Lowe's Pro materials list tool passes since a contractor submits a handwritten note and the AI returns a complete actionable quote, interpreting intent, cross-referencing inventory, and structuring output without human intervention at each step.

Home Depot added another named production deployment to the week's disclosures. SVP Ann-Marie Campbell confirmed on the May 19, 2026 earnings call that the AI Material List Builder is live and embedded in the Pro digital workspace.

The tool allows Pro customers to describe a project in natural language and receive a grouped material list with autopopulated product recommendations.

That is the same autonomous multi-step task pattern as Lowe's Pro materials list tool. Urban Outfitters' AI customer service agent is moving in that direction.

The retailers still in the query-response phase, answering questions well but not yet taking autonomous action, are one product iteration away from the agentic threshold. The retailers still describing AI in general terms without named tools or metrics are further back than that.

What Next Earnings Season Can Show

Bernstein SocGen analysts published a note the same week arguing that agentic AI will redirect consumer discovery from multi-brand retail platforms to brand DTC sites, giving brands better margins, more customer data, and more control over the purchase experience.

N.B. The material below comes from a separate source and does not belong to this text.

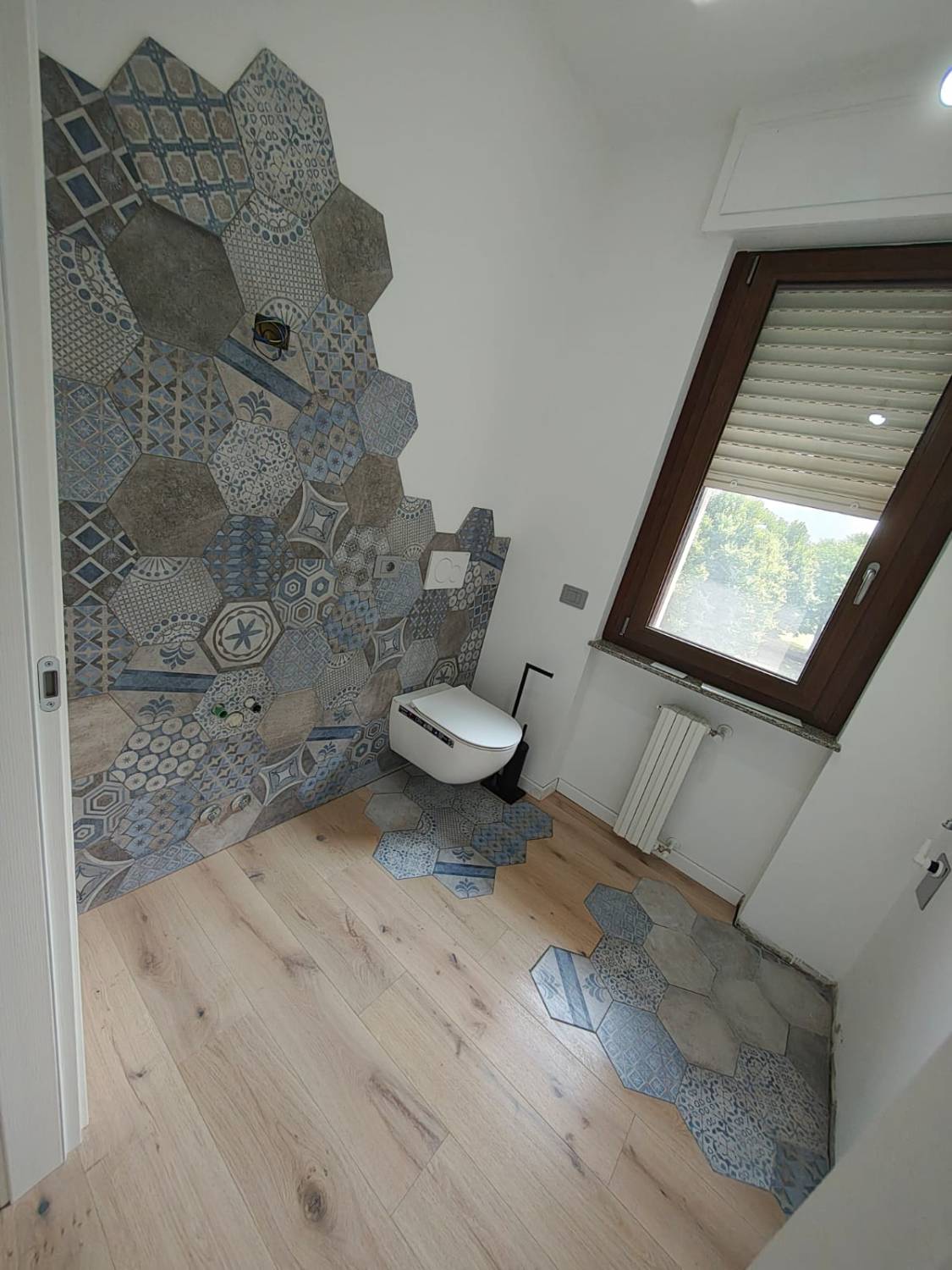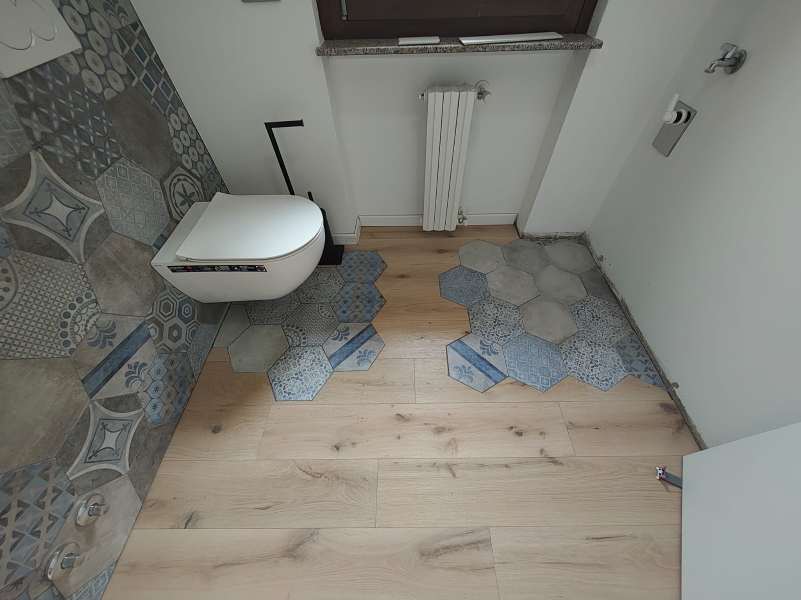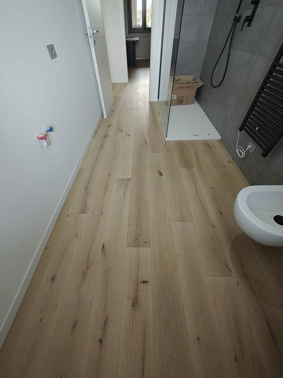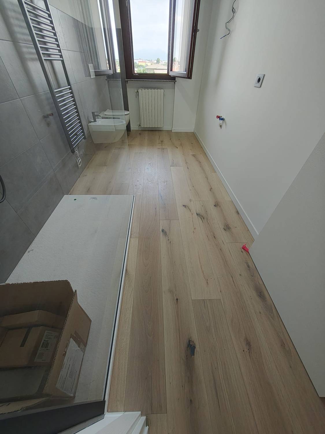 Tornando alle immagini di questi lavori di pavimenti in legno troverete anche la posa di doghe in rovere e legno e posa a spina e riquadri con le così dette "fasce a bindello perimetriali", tipiche delle case classiche di inizio secolo scorso.

The retailers disclosing agentic commerce metrics this week are building the infrastructure to capture that shift. The retailers that cannot produce equivalent metrics by next earnings season will face a different conversation with analysts.

Not whether they have an AI strategy. Whether it is working. And for the first time, investors have a benchmark to compare against.

Key Takeaways

  • Highlight significant growth in AI-driven sales metrics from early adopters like Walmart and Lowe's.
  • Compare results of retailers disclosing specific AI performance metrics versus those providing vague descriptions.
  • Emphasize the importance of measurable outcomes in evaluating AI effectiveness in retail.
  • Note the stark contrast in engagement levels between AI users and non-users.
  • Recognize the need for transparency in AI initiatives to validate their impact on retail performance.